Human Resources News & Insights

ADA accommodation? But we haven’t even hired her yet

This is a federal employment law pill some employers have a tough time swallowing.

The ADA covers more than just current employees. Its protections also extend to probationary employees, new hires and job applicants — yes, even applicants.

The case of Laura Jones is a prime example of just how expansive the ADA’s worker protections are.

Jones applied for an evening sales associate job at a Walmart store in Cockeysville, MD. She was offered a job contingent upon her passing a urinalysis screening for illegal drugs.

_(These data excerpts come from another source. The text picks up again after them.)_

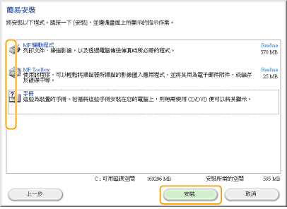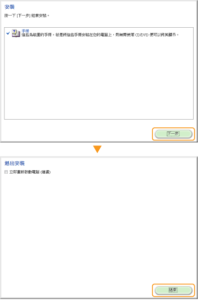 清除 [手冊] 以外的所有核取方塊,然後按一下 [安裝]。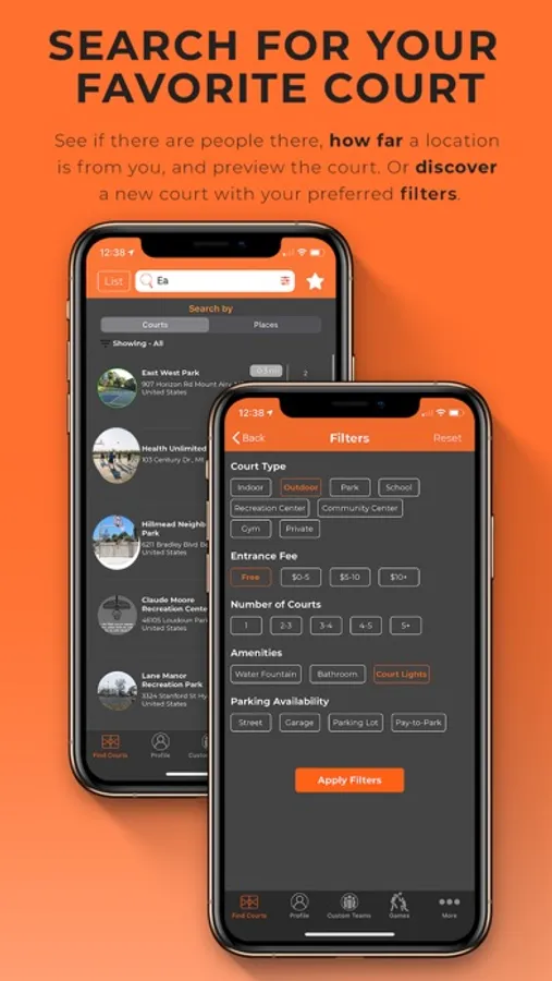 Find Courts: Looking for courts near you? Discover courts, fields, parks, recreational facilities, community centers, gyms, schools and more around you! Don’t see your local court on the app? Be the first to mark your new court for other players to enjoy.
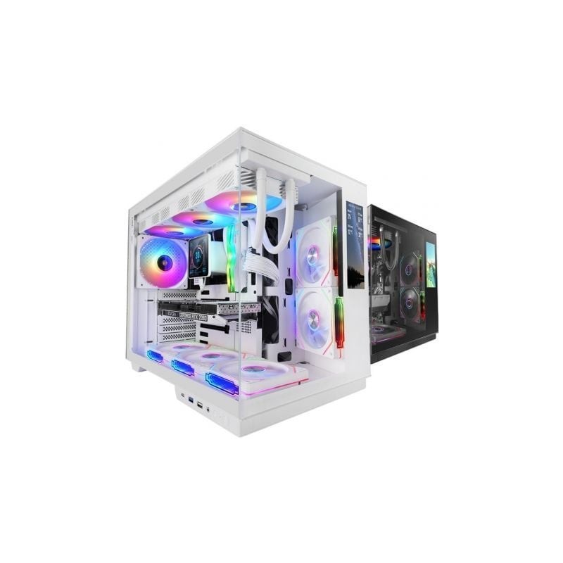 Descubre la MC-MIRAGE, una caja gaming ATX que lleva la personalización y el rendimiento a un nuevo nivel gracias a su exclusiva pantalla integrada LCD IPS de 7,2” y su elegante diseño panorámico en cristal templado. Con una estructura de doble cámara, compatibilidad avanzada y espacio para hardware de última generación, está creada para entusiastas, gamers y creadores que buscan un setup único, sofisticado y cargado de innovación.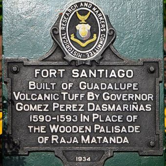 The Fort Santiago historical marker is a cast iron plaque installed by the National Historical Commission of the Philippines, located within the Intramuros walled district. It provides documented information about the fort and serves as a reference point for visitors exploring this historic area.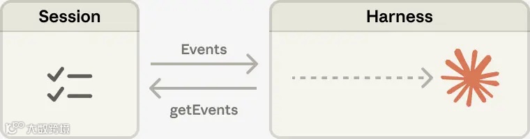 的 append-only 日志,存在容器和 harness 之外,任何组件崩了都不影响它。getEvents() 这个接口可以让 harness 按需拉取日志,任意切片——从上次停的地方继续读,或者往前几条看上下文。这解决了上下文窗口的跨越问题:会话不是 Claude 的上下文窗口,而是一个存在外部、可以被 Claude 按需访问的记忆对象。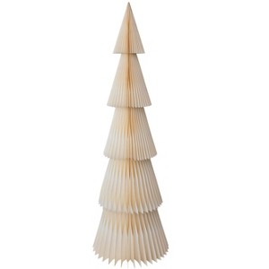 Transform every holiday decor with this charming and elegant Handmade Paper Folding Tree. Boasting a stunning honeycomb design creates a beautiful play of light and shadow that captivates guests. The subtle gold glitter edge adds a festive shimmer, elevating the piece's overall elegance. Crafted from vibrant white paper, it offers a clean and classic aesthetic, making it a perfect fit for any holiday setting. This unique and eye-catching tree is bound to impress and will help set a warm and inviting atmosphere throughout the holiday season. It measures 23 inches in diameter and stands 72 inches tall.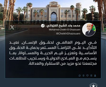 أخباراليوم. عبر الرئيس محمد ولد الغزواني عن التزامه “بتعزيز قيم الحرية والمساواة بما ينسجم مع المبادئ الدولية”. جاء في ذلك في تغريدة له على منصة X: بمناسبة اليوم العالم لحقوق الإنسان. وأضاف الغزواني: “في اليوم العالمي لحقوق الإنسان، نعيد التأكيد على التزامنا المستمر بحماية الحقوق الأساسية وتعزيز قيم الحرية والمساواة، بما ينسجم مع […]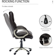 - Comfortable: An executive office chair which is great for all-day use. Padded all over, with the high back and armrests giving you support. Seat gently rocks back and forth.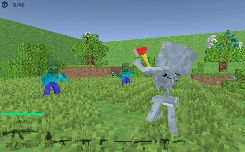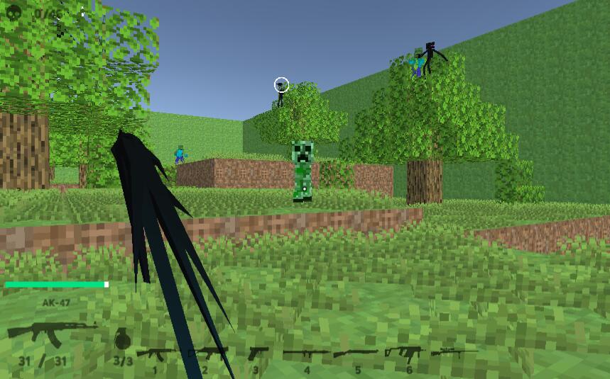 The AI in this is also easy to explain. Enemies will spawn at the different areas when you start the level. Some enemies won’t come at you until you get close enough. But if you spawn close to the enemies stuff will go crazy. The iron golem moves slow but in the original, it comes at you fast, the skeleton runs at you, the zombies walk normally as any other zombie should, the creeper comes at you normally, and the enderman idles. How the enemies and the way they attack is not related to Minecraft at all except the creeper. The attacking is slow, the zombie punch with one fist, the skeleton slings the ax, the iron golem has the attacking as the zombie, and the enderman throws arrows. What’s also not related is the gun models and the deaths. The gun texture isn’t blocky, shooting enemies contains blood & the deaths are ragdolls, it’s very hilarious. Creepers blow up in pieces but don’t destroy any block or grass. Forgot to mention the health bar and the weapons but I think you already know, it’s easy to explain.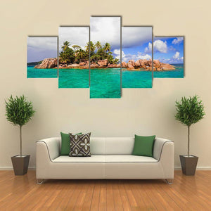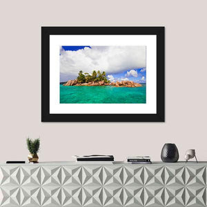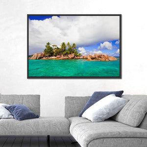 Tropical Island At Seychelles Canvas Wall Art presents a realistic island scene with clear turquoise water, lush green palm trees and reddish-brown boulders beneath fluffy white clouds. The image feels serene and idyllic and suits coastal or modern room decor. It brings a calm tropical mood to living rooms or bedrooms.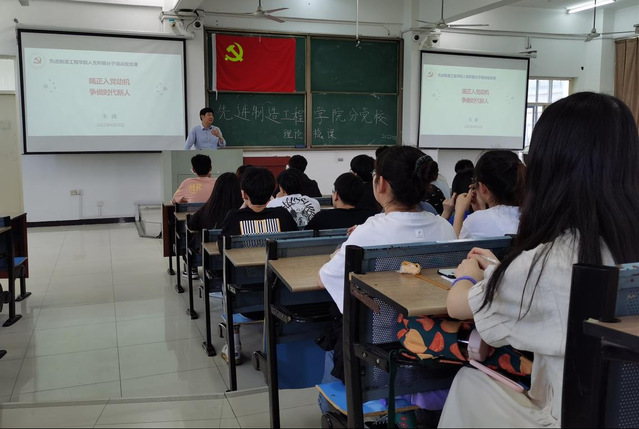 2022517日中午1240分,先進制造工程學院分黨校第五期入黨積極分子在383階梯教室開展了第六次黨課教學。本次黨課由校黨委委員、學工部朱濤部長主講,機制學生黨支部書記威力旺老師主持,先進制造工程學院分黨校第五期入黨積極分子班124名學員參加了本次課程,本次授課主題為端正入黨動機,爭做時代新人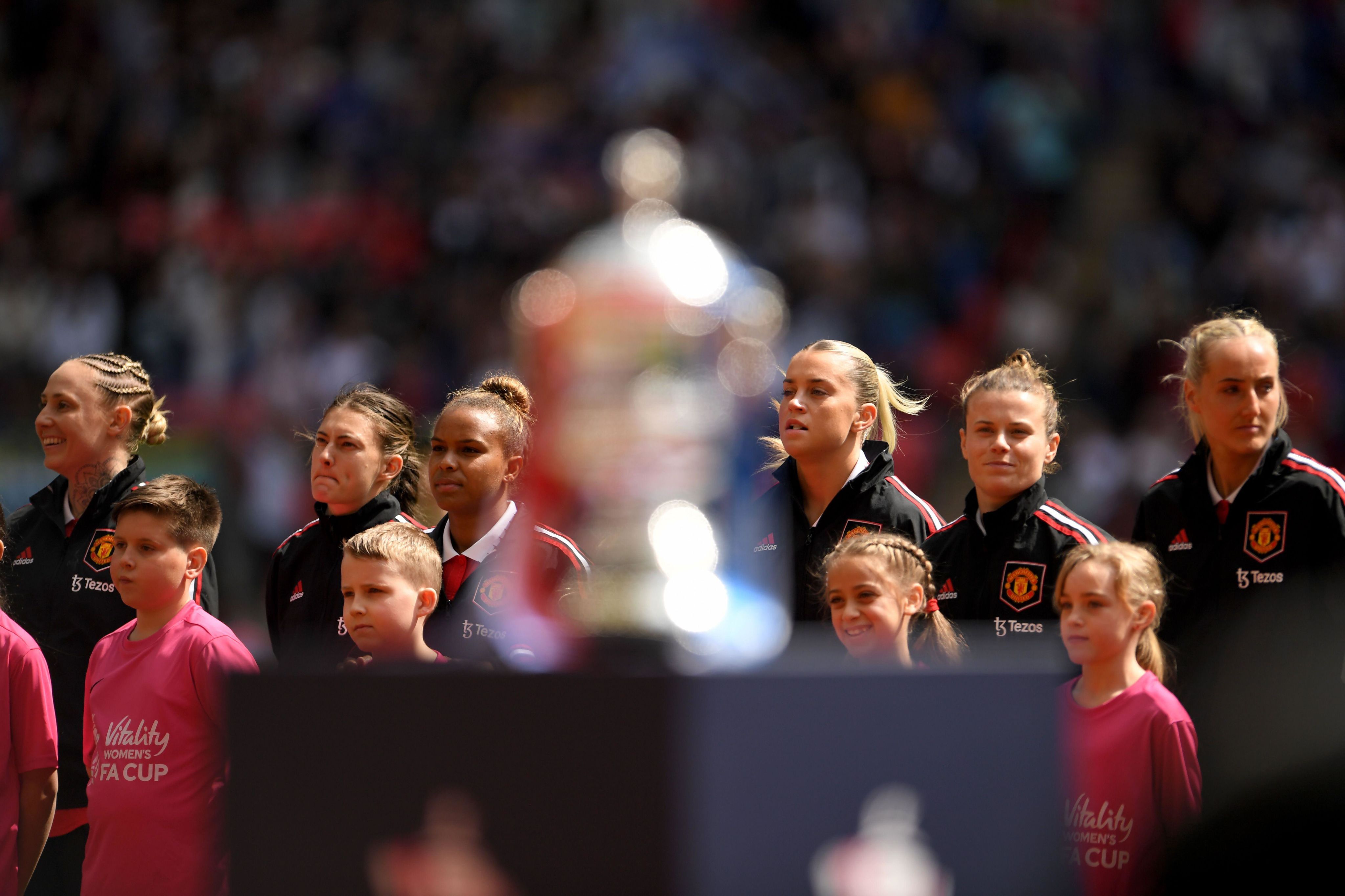 London, UK. 14th May, 2023. Manchester United Women line up before kick off during the The Women's FA Cup match at Wembley Stadium, London. Picture credit: Gary Oakley/Sportimage Credit: Sportimage Ltd/Alamy Live News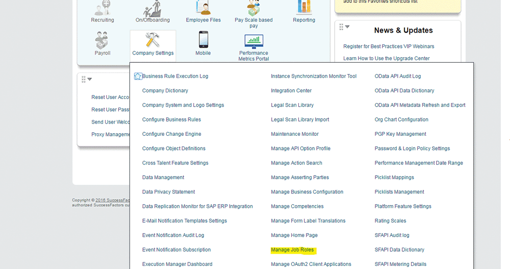 In the Admin Center screen, click the Company Settings option, and then select Manage Job Roles. This opens the screen in Figure 5 where you create the new job role.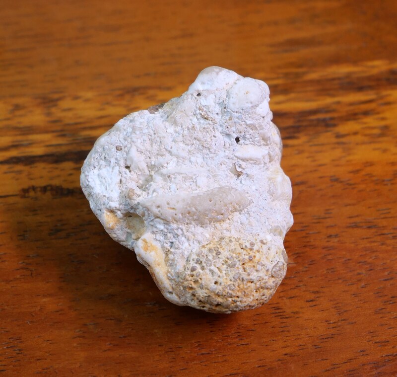 ナウル共和国の海岸で拾った小石がとても不思議な石でした。サンゴっぽい? と思ったのですが、よく見てみると、複数の鉱物が集まって塊になっているようにも見えます。その一部には、明らかに違う色、輝きをした鉱物らしきものが含まれていました。まさにナウルの謎石。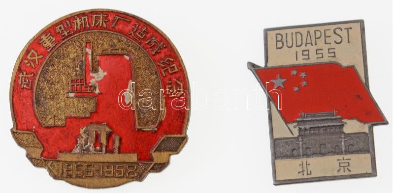 Beschreibung: 1955-1958. Két darab kínai jelvény, egyik "BUDAPEST 1955" felirattal T:1-,2
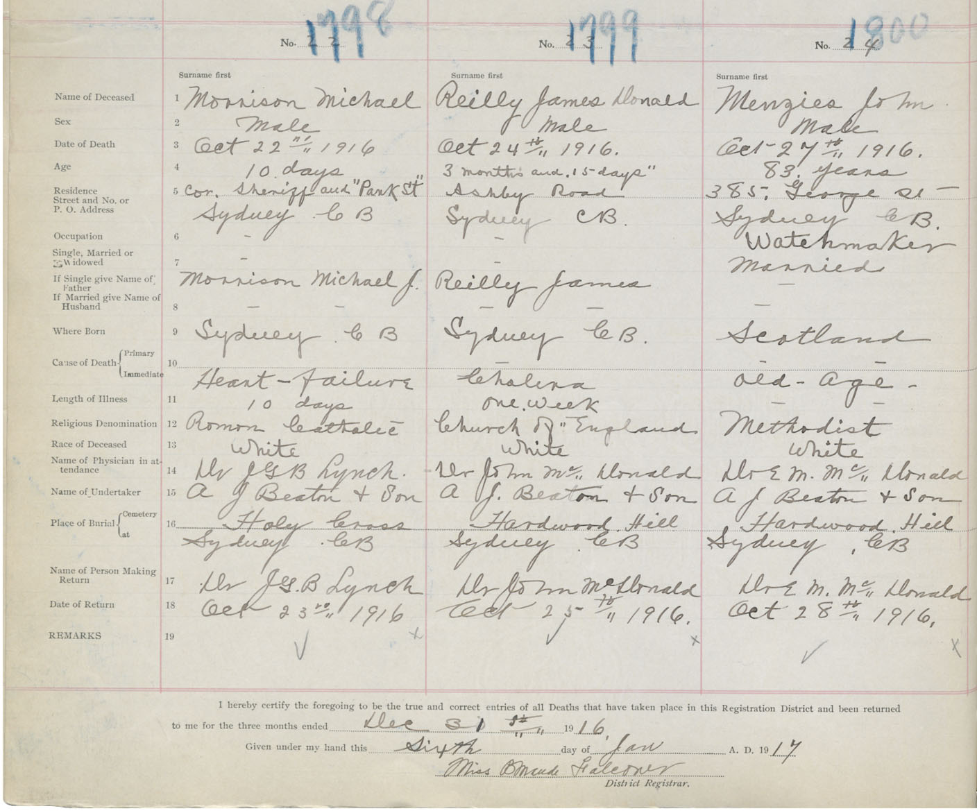 Death Registration: Year: 1916 book: 28 page: 450 number: 1800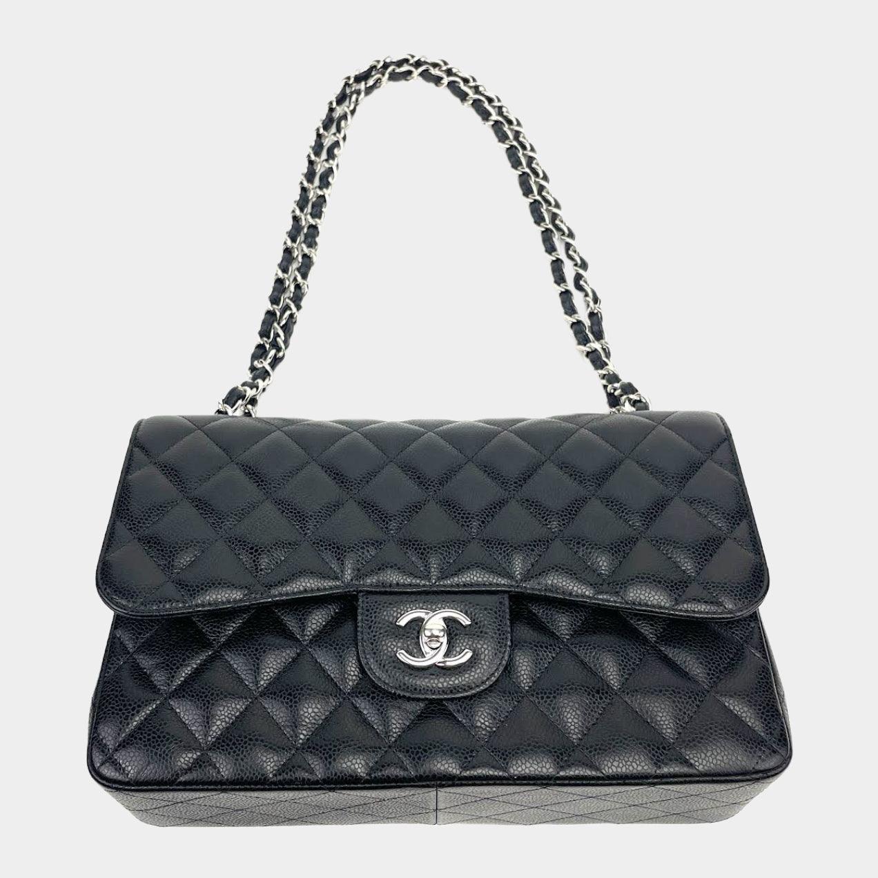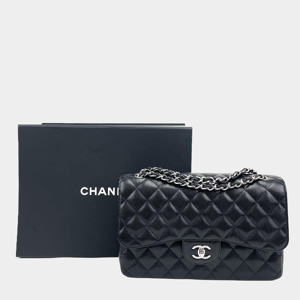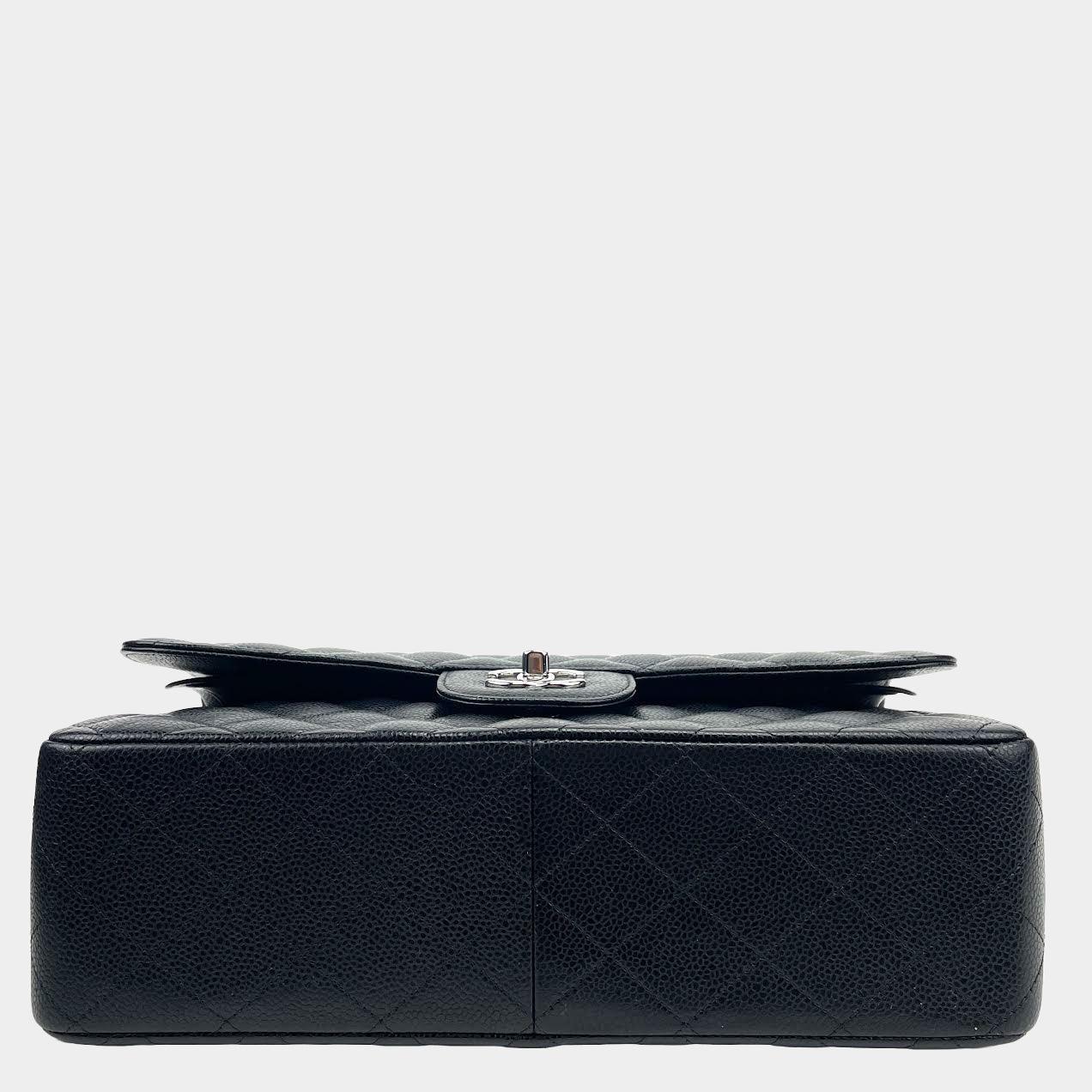 CHANEL 2018-2019 Jumbo Double Flap Bag Black Caviar Leather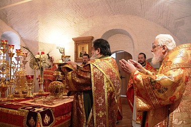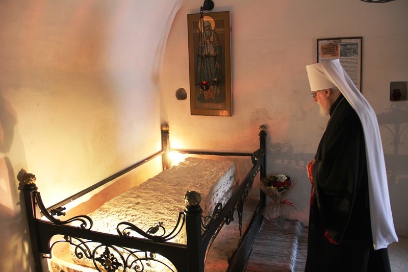 Перед началом богослужения митрополит Виктор почтил место погребения Патриарха Иова в усыпальнице монастыря.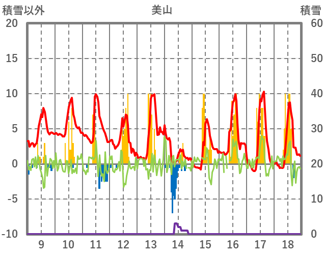 | 日 | 時 | 気温 | 降水 | 風向/風速 | 日照 | 積雪 | 降雪 |

The problem was Jones couldn’t produce a urine sample because she has end-stage renal disease. So she requested that she be allowed to take an alternative drug test — like a blood test.

But Walmart refused to order an alternative drug test and denied Jones employment for failing to complete the urinalysis test within 24 hours.

Jones then took her case to the EEOC, which sued on her behalf, claiming Walmart discriminated against her on the basis of her disability.

The EEOC claimed that Walmart failed to explore reasonable accommodations — like a blood test — that would’ve allowed Jones to complete the drug screening portion of the hiring process.

Failing to explore whether or not providing such accommodations to help disabled individuals perform essential duties amounts to disability discrimination under the ADA. The EEOC has been pushing this message for a while now.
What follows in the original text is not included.